What I was hoping to do with this thread was to get a feel for what medics and EMT's would like to got on a continual basis for CEU training. There are skills I would like to train on myself (Cric, Needle Decompression, Drug Refresher etc) because I don't do them every day.

If you worked for a service that provided training over and above the basics (ACLS, CPR, PALS, PHTLS etc) what would you liked covered?

I'd like to see PEPP mandatory for all BLS providers, at least in PA. I don't believe the current EMT course touches base on many necessary topics.
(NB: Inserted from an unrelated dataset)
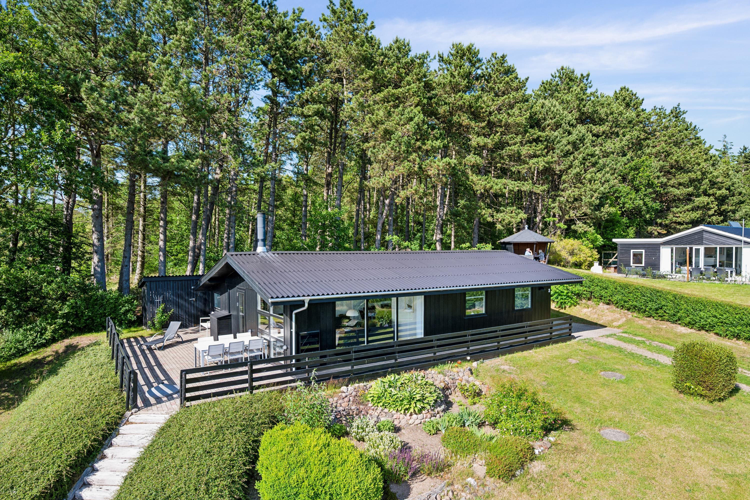 Ældre, gennemmoderniseret sommerhus beliggende på skrånende naturgrund lige op til Sønder Plantage og med dejlig udsigt over Kattegat og landskabet ved Øer. Huset har to store, syd- og østvendte fliseterrasser med havemøbler, liggestole, parasol og grill. På den store naturgrund er der desuden bålplads. Et både velindrettet og meget hyggeligt hus. Bemærk, at Færgevejen løber 100 meter fra huset.

More than that, I'd like to see better resuscitator equipment be available to EMS providers. Disposable, none of that hella expensive stuff that >can< be sterilized.

All we carry is three BVM's. Standard sizes, Ambu Spur's. For neonate, we only have smaller masks, for the infant bag. They need to make a neonate BVM, and market it to EMS. The resp. guy in the ER always said "why don't you have one of these" pointing at his silicone neo BVM, much smaller, made for premies, and another for newborns. Not just a different size of mask. I asked where to get them, he didn't know, but he said they cost $280.00 each. My service said no-effing-way, even if I could get them, six units, each would need one of each of the 3 pc. set. that's over $840.00 per unit. We know that when they shuffle us out in the rcv'ing ER, we would never see them again b/c most ER's won't be equipped such as a peds hospital is.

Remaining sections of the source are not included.